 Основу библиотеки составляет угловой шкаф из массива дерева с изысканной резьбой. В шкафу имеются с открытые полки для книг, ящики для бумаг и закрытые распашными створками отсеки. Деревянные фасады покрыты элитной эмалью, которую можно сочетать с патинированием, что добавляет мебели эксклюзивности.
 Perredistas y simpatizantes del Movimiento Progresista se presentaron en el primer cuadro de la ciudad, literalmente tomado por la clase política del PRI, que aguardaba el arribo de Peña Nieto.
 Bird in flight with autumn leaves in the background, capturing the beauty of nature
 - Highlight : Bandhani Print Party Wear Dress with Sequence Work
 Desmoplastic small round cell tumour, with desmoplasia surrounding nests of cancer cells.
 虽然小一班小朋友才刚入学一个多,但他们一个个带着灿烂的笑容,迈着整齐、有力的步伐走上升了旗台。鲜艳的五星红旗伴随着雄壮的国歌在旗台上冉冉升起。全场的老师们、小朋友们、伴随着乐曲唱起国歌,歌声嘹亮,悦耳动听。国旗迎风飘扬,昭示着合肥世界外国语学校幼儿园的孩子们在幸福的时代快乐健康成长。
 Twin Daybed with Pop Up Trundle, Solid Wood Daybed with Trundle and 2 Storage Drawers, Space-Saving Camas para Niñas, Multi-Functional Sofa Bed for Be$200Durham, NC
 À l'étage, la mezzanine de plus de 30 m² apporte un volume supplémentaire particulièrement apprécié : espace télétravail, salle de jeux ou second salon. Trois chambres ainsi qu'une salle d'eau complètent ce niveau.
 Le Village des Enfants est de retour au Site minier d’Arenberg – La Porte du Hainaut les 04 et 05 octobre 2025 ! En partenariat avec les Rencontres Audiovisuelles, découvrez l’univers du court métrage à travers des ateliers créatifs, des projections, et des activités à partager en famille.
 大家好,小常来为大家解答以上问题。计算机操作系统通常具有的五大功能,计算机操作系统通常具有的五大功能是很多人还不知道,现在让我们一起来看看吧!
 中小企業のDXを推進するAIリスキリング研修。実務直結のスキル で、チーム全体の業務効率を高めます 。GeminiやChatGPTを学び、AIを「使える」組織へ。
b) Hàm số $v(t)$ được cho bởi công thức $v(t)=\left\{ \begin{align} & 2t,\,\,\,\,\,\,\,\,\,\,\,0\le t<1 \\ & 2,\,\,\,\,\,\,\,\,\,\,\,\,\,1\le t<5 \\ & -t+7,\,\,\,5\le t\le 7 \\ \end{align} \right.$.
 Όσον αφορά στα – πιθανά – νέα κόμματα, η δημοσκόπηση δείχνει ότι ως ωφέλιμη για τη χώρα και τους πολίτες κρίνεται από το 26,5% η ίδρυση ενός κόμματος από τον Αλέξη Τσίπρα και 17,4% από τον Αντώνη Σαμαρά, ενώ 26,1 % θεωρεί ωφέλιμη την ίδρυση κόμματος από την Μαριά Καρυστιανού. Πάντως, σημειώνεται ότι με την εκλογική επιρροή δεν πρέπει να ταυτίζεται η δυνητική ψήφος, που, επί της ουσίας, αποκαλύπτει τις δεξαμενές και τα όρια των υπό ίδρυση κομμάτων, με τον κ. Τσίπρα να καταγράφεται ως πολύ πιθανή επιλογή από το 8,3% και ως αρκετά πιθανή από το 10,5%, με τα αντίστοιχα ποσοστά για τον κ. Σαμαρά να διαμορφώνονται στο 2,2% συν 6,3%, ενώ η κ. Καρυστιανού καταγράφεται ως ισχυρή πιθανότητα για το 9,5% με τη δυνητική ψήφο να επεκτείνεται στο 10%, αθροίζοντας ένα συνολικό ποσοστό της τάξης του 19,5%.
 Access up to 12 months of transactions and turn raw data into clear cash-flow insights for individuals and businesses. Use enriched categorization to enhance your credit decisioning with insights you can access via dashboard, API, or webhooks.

┄┄┄┄┄┄

◆ YOUR ASSIGNMENT:
Word for word, restate the line that contains "Le Village des Enfants est" and each line after it, up to and including the last line of the listing; include nothing else.

◆ RESULT OF THIS TASK:
 Le Village des Enfants est de retour au Site minier d’Arenberg – La Porte du Hainaut les 04 et 05 octobre 2025 ! En partenariat avec les Rencontres Audiovisuelles, découvrez l’univers du court métrage à travers des ateliers créatifs, des projections, et des activités à partager en famille.
 大家好,小常来为大家解答以上问题。计算机操作系统通常具有的五大功能,计算机操作系统通常具有的五大功能是很多人还不知道,现在让我们一起来看看吧!
 中小企業のDXを推進するAIリスキリング研修。実務直結のスキル で、チーム全体の業務効率を高めます 。GeminiやChatGPTを学び、AIを「使える」組織へ。
b) Hàm số $v(t)$ được cho bởi công thức $v(t)=\left\{ \begin{align} & 2t,\,\,\,\,\,\,\,\,\,\,\,0\le t<1 \\ & 2,\,\,\,\,\,\,\,\,\,\,\,\,\,1\le t<5 \\ & -t+7,\,\,\,5\le t\le 7 \\ \end{align} \right.$.
 Όσον αφορά στα – πιθανά – νέα κόμματα, η δημοσκόπηση δείχνει ότι ως ωφέλιμη για τη χώρα και τους πολίτες κρίνεται από το 26,5% η ίδρυση ενός κόμματος από τον Αλέξη Τσίπρα και 17,4% από τον Αντώνη Σαμαρά, ενώ 26,1 % θεωρεί ωφέλιμη την ίδρυση κόμματος από την Μαριά Καρυστιανού. Πάντως, σημειώνεται ότι με την εκλογική επιρροή δεν πρέπει να ταυτίζεται η δυνητική ψήφος, που, επί της ουσίας, αποκαλύπτει τις δεξαμενές και τα όρια των υπό ίδρυση κομμάτων, με τον κ. Τσίπρα να καταγράφεται ως πολύ πιθανή επιλογή από το 8,3% και ως αρκετά πιθανή από το 10,5%, με τα αντίστοιχα ποσοστά για τον κ. Σαμαρά να διαμορφώνονται στο 2,2% συν 6,3%, ενώ η κ. Καρυστιανού καταγράφεται ως ισχυρή πιθανότητα για το 9,5% με τη δυνητική ψήφο να επεκτείνεται στο 10%, αθροίζοντας ένα συνολικό ποσοστό της τάξης του 19,5%.
 Access up to 12 months of transactions and turn raw data into clear cash-flow insights for individuals and businesses. Use enriched categorization to enhance your credit decisioning with insights you can access via dashboard, API, or webhooks.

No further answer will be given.